━━━ Input material

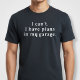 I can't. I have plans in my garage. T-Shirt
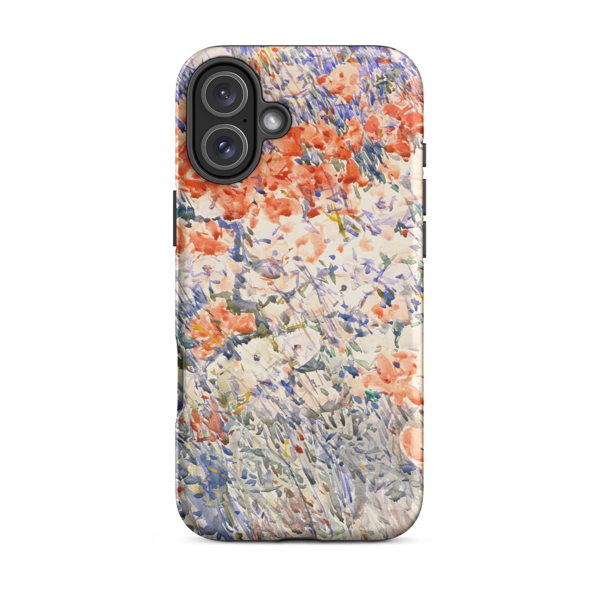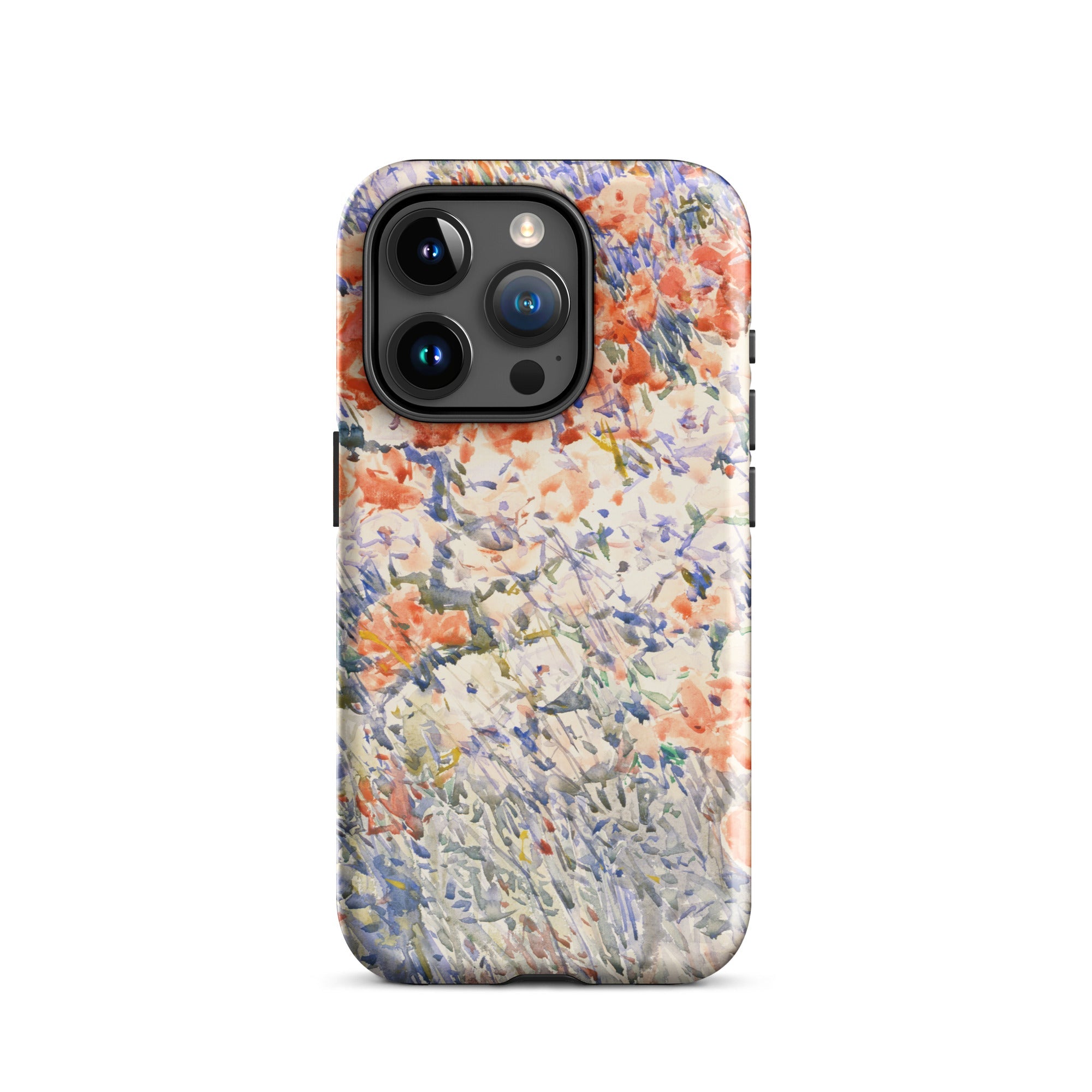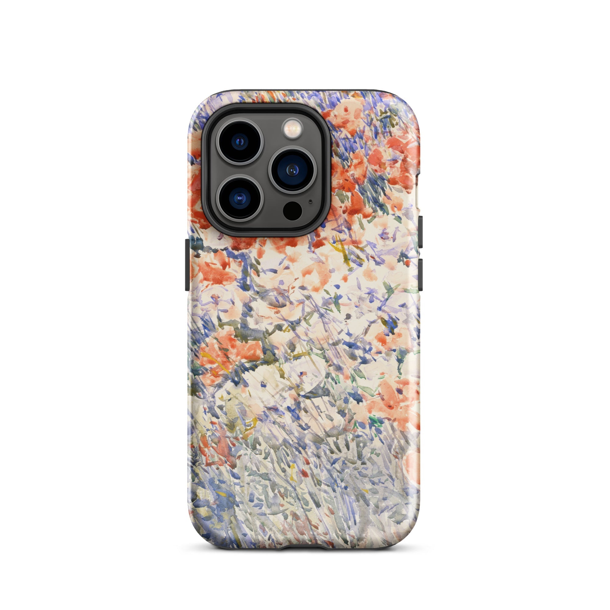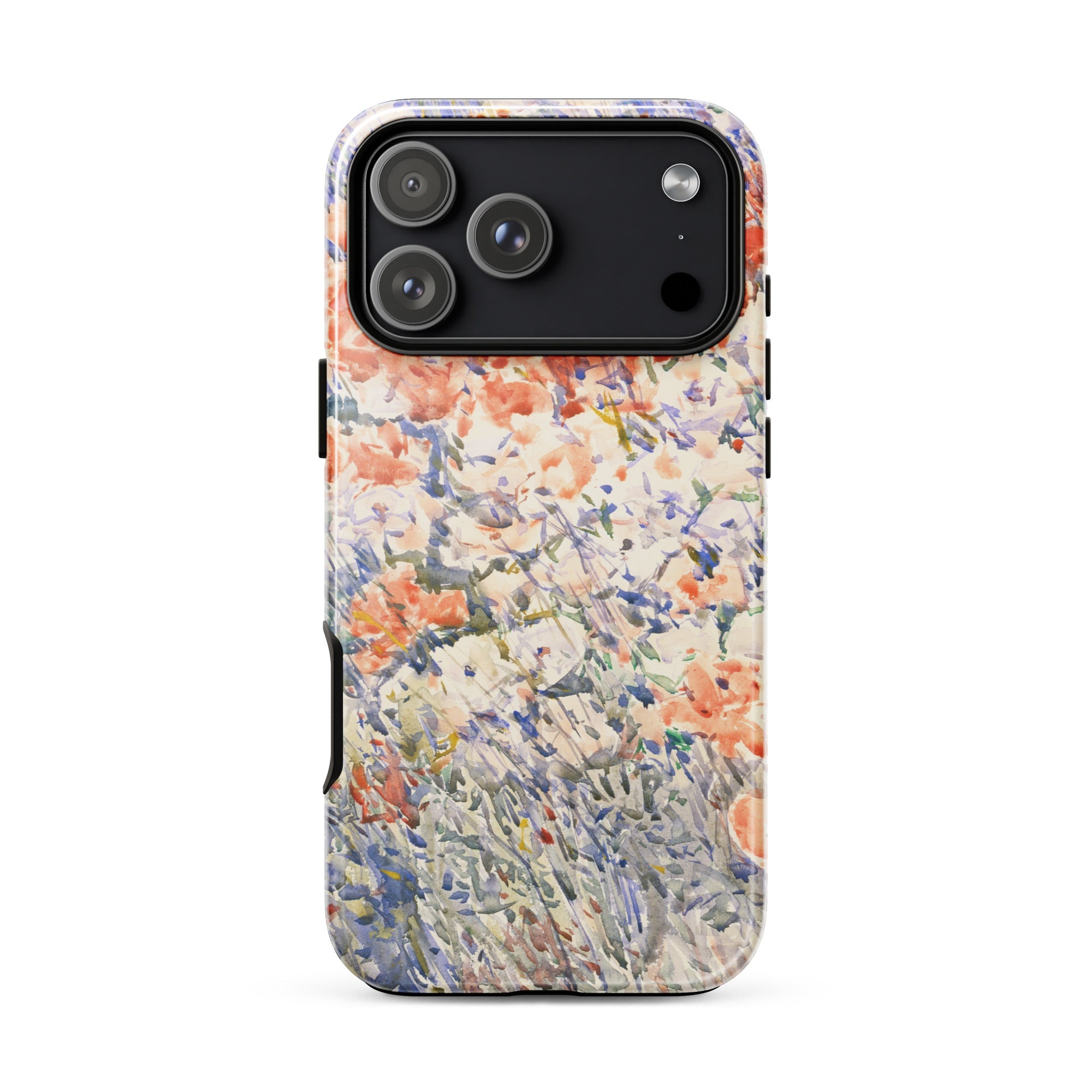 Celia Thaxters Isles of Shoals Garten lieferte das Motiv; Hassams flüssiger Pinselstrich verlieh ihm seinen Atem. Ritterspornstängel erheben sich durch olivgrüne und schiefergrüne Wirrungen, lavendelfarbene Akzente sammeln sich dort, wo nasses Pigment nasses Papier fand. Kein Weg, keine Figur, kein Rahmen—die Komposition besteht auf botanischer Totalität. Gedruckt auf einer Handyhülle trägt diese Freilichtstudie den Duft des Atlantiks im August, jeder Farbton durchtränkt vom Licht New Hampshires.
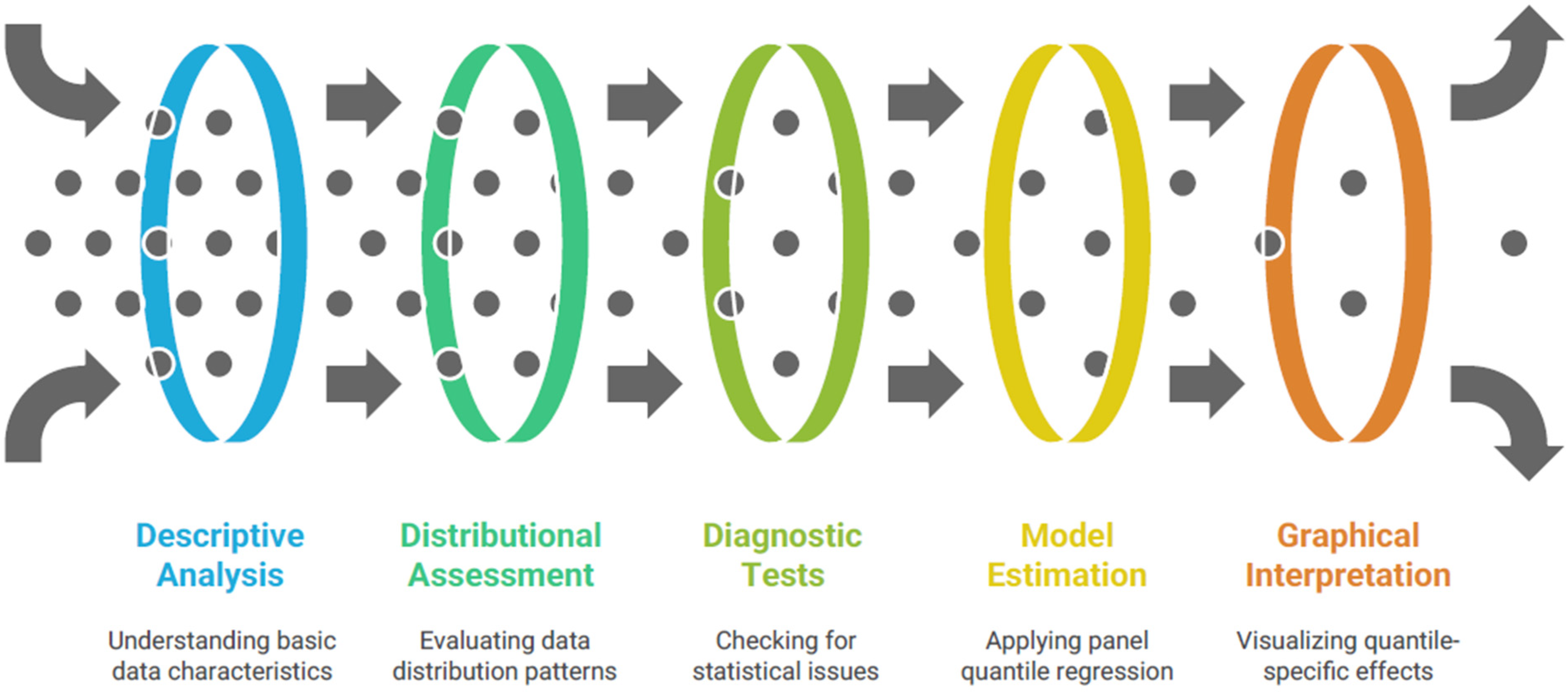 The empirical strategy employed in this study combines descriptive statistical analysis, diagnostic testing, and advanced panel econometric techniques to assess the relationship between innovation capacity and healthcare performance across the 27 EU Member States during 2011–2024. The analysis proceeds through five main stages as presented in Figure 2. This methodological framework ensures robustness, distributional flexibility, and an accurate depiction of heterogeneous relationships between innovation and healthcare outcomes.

━━━━━━
━━━ Input material

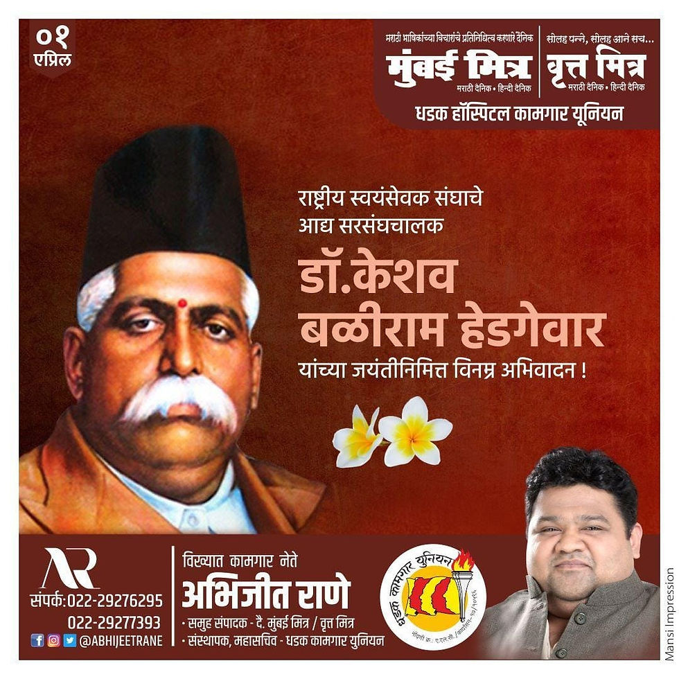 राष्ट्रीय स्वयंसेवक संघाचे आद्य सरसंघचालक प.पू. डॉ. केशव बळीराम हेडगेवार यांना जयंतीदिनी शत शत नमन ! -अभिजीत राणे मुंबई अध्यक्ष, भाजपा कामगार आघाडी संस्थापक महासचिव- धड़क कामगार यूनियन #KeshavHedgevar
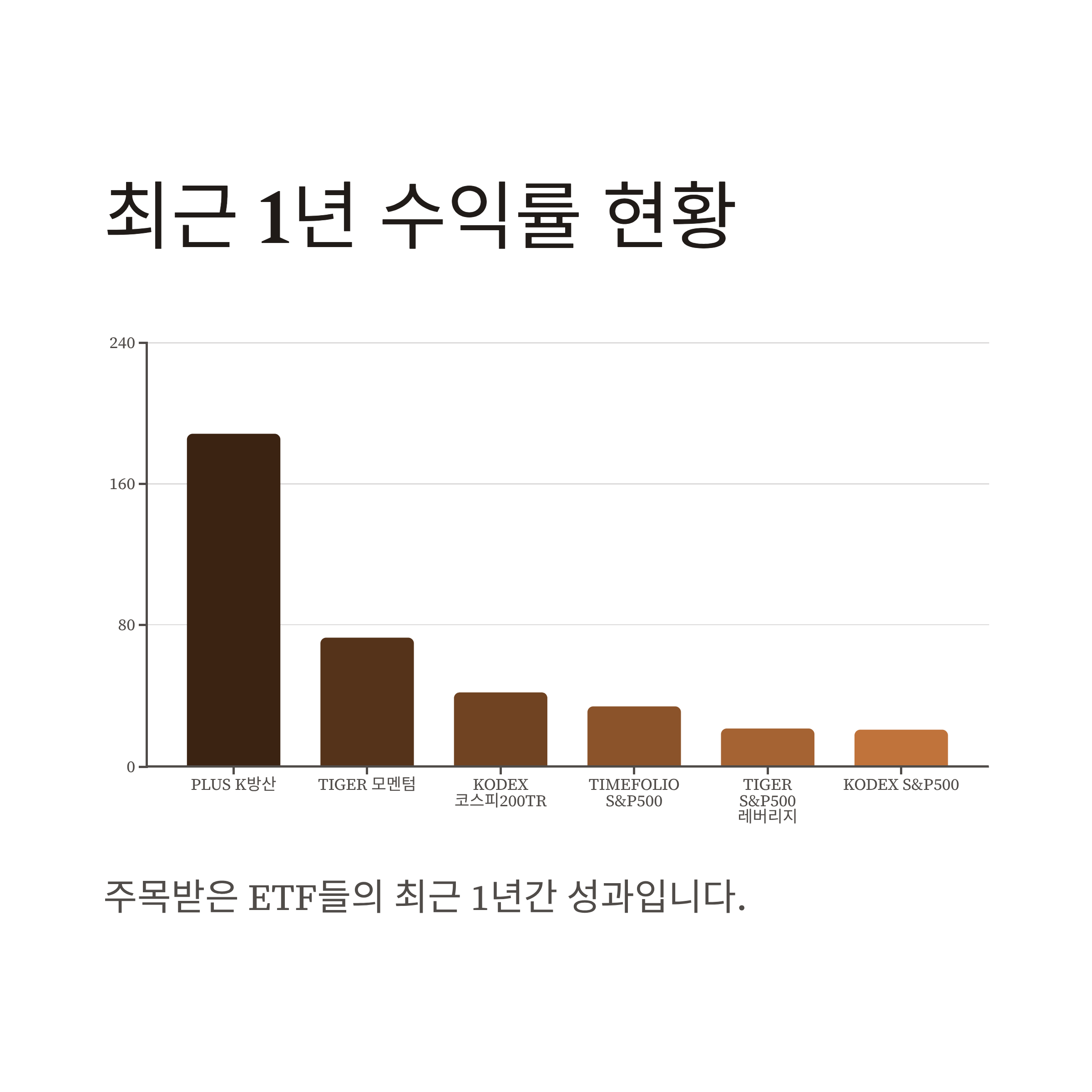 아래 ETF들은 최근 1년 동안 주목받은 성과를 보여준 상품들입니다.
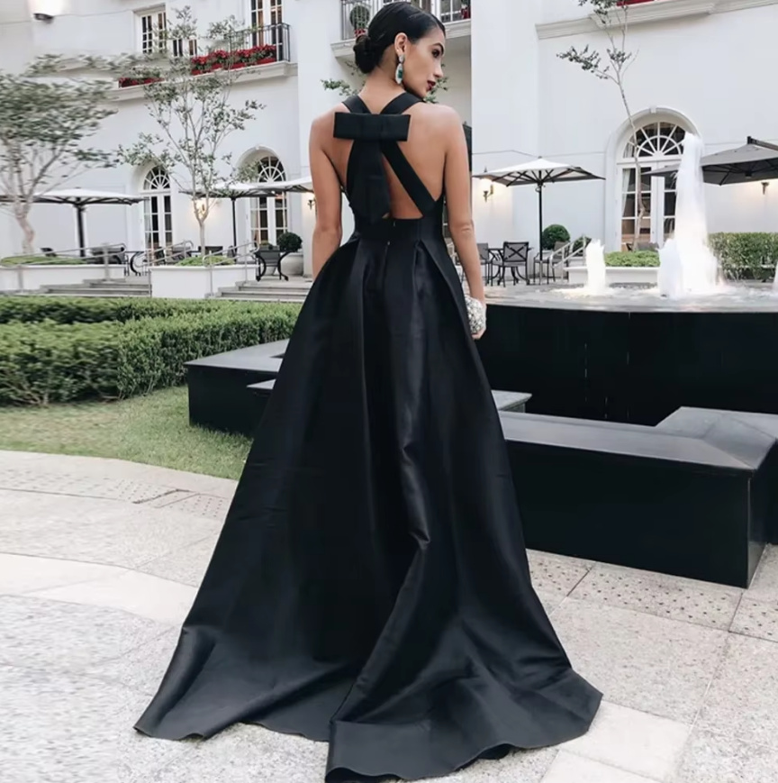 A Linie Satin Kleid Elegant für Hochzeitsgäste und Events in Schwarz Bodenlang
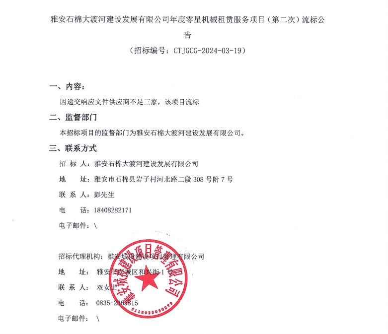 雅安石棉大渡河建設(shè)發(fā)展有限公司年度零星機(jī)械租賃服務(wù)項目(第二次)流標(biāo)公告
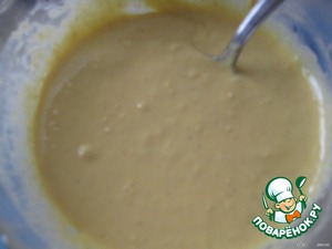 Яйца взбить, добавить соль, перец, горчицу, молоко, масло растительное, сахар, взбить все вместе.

━━━━━━
━━━ Input material

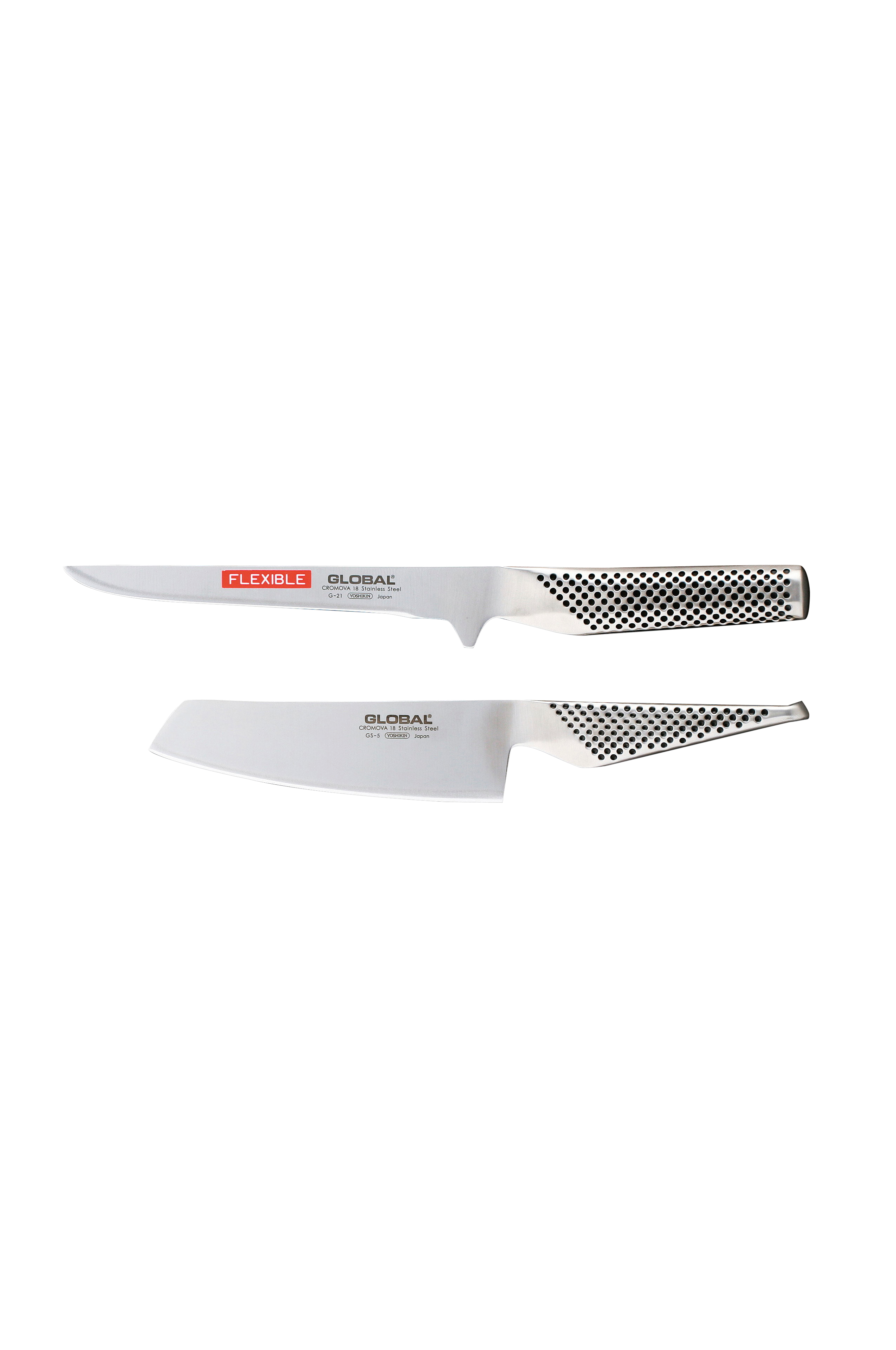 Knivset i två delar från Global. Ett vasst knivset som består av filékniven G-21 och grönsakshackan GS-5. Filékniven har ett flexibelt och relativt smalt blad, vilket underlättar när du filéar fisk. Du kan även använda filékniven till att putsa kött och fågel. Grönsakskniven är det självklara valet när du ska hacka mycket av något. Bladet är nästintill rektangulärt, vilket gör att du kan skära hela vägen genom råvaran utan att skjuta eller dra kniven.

━━━━━━

• _About this task_:
Everything above from the line containing "아래 ETF들은 최근 1년 동안 주목받은 성과를 보여준 상품들입니다." through the line containing "Яйца взбить, добавить" must be repeated exactly, and the pictures must be left out.

• _Answer section_:
 아래 ETF들은 최근 1년 동안 주목받은 성과를 보여준 상품들입니다.
 A Linie Satin Kleid Elegant für Hochzeitsgäste und Events in Schwarz Bodenlang
 雅安石棉大渡河建設(shè)發(fā)展有限公司年度零星機(jī)械租賃服務(wù)項目(第二次)流標(biāo)公告
 Яйца взбить, добавить соль, перец, горчицу, молоко, масло растительное, сахар, взбить все вместе.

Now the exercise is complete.